Gaines earned his B.A. from the College of William and Mary,
his M.S. from the University of Cincinnati, and his Ph.D.
from the University of California, Riverside. In 2003-04, he
was a visiting professor of geology at Pomona College.
Assistant Professor of Theatre and Dance Arthur Horowitz is
teaching World Theatre and Drama from Origins to the 17th
Century, World Theatre: Kabuki to Ibsen, Writing for the
Stage, and the freshman seminar Stages of Conscience. Active
in theatre since his summer camp days, he is particularly
fascinated by theater history and “how the artistic history
of a period is directly related to the era’s general
history.” He is the author of Prospero’s ‘True Preservers’ –
Peter Brook, Yukio Ninagawa, and Giorgio Strehler:
International Post-World War II Directors Approach to
Shakespeare’s ‘’The Tempest’ (2004) and numerous articles.
His current research topics are the medieval Dance of Death
and the contemporary performance history of Henrik Ibsen's
play Peer Gynt. Horowitz earned his B.A. from Hofstra
University and his Ph. D. from the University of California,
Davis. Horowitz came to Pomona College from the California
Institute of the Arts where he was a member of the
performance faculty.
Assistant Professor of Biology Nina J. Karnovsky brings 12
years of field work experience, on a range of species, to
the classroom. As a 2001 Fulbright Fellow, she sailed from
Poland to the Arctic, to study Arctic seabird foraging. Her
current research is focused on how climate change affects
top predators, including changes in diet and reproductive
success. Her articles have appeared in several scientific
journals including the Antarctic Journal of the United
States, Environmental Pollution and the Journal of Deep Sea
Research II. At Pomona, she is teaching Vertebrate Biology,
Ecology and Evolutionary Biology, and the freshman seminar
Penguins, Polar Bears, People and Politics. Karnovsky earned
her B.A. degree from Wesleyan University, her M.S. from
Montana State University, Bozeman, and her Ph. D. from the
University of California, Irvine. In spring 2003, she served
as a visiting professor of biology in the Claremont Colleges
Joint Sciences Department.
Peter Kung, an assistant professor of philosophy, teaches
Philosophy of Mind and Topics in Epistemology, Metaphysics.

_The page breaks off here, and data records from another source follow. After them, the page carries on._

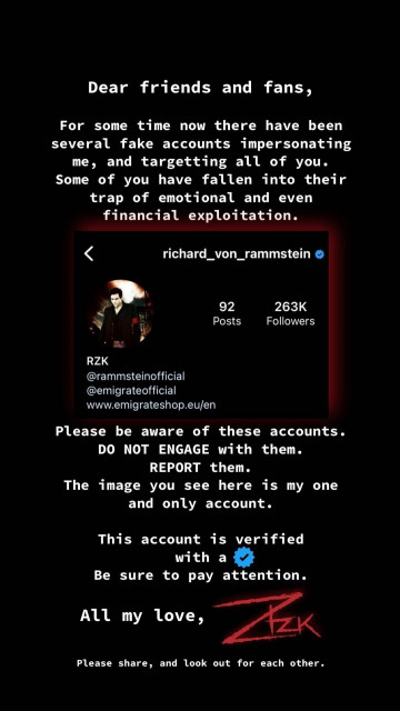 Бляяя, Ріхард фон Раммштайн. Він навіть ахтунг "бережіться фейкових акаунтів" не може написати як колишній Ріхард, навіть у такому проступає дєвочка-бегонія. Оця примітка внизу маленькими буквами: "look out for each other" – це такий нинішній Ріхард, давайте любити і піклуватися один про одного… Як Ландерс з написом на всю спину, так Ріхард із загальною любов'ю. І сам Ріхард усіх любить. Вибачте, не Ріхард, а RZK.
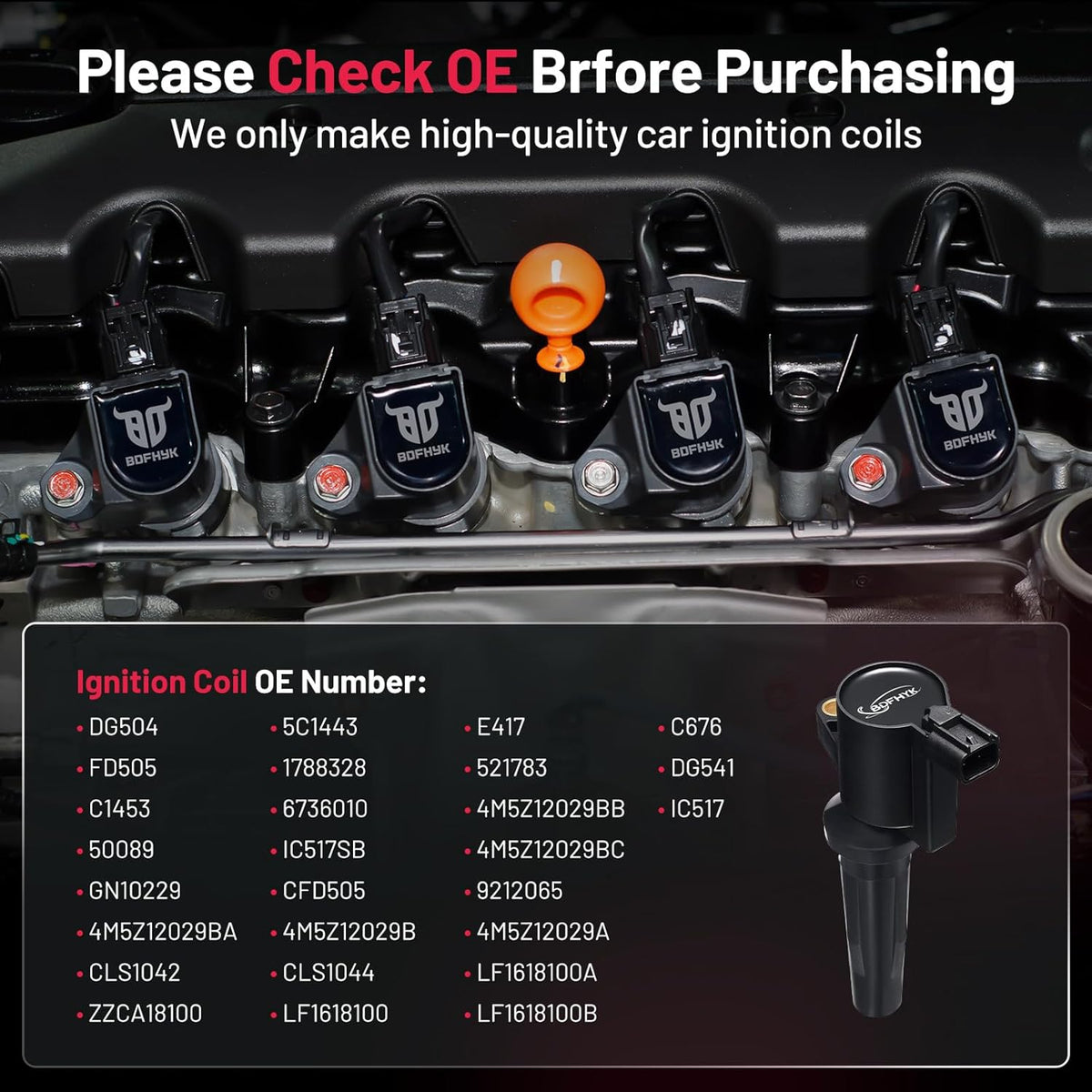 BDFHYK DG504 Ignition Coils Compatible with Mazda Mercury Escape Focus Transit Connect L4 2.0L 2.3L?4 Pack?Replacement for FD505 DG504 DG541 DG507
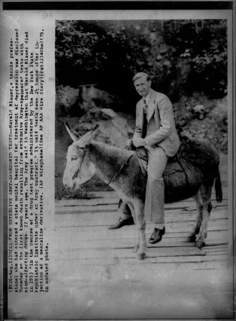 Harold Blauer (1910 – January 8, 1953) was an American tennis player who died as a result of injections of 450 mg 3,4-Methylenedioxyamphetamine (code-named EA-1298) as part of Project MKULTRA, a covert CIA mind-control and chemical interrogation research program, run by the Office of Scientific Intelligence.
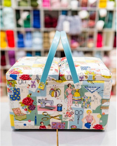 Quick view Añadir al carrito Costurero con asa y tapa Precio 38,50 € Costurero de algodón acolchado con motivos decorativos de costura sobre un fondo blanco. Este costurero no solo es funcional, sino que también...
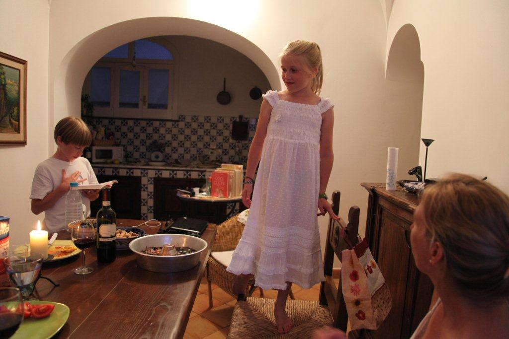 Nous avons fait ce voyage notamment pour satisfaire l’appétit vorace d’Ariane pour les pâtes, mais ce fut en vain car elle est insatiable. À l’arrivée à la maison, après un vol qui s’est bien déroulé malgré que je sois retourné à l’aéroport pour récupérer une valise laissée sur le trottoir, Valérie a dû nous servir un repas de spaghetti.

In his research, Kung focuses on modal epistemology,
specifically how people have evidence for what is possible.
He that sensory imagination is the key to knowing what’s
possible and is developing an imagination-based account of
our knowledge of possibility. Kung earned his B.S.E. from
the University of Pennsylvania, his M.A. from Stanford
University and his Ph. D. from New York University, where he
was nominated for the university’s Outstanding Teaching
Award. As a graduate student, he taught Philosophy of the
Mind, Epistemology, History of Modern Philosophy,
Introduction to Philosophy, and Ethics & Society.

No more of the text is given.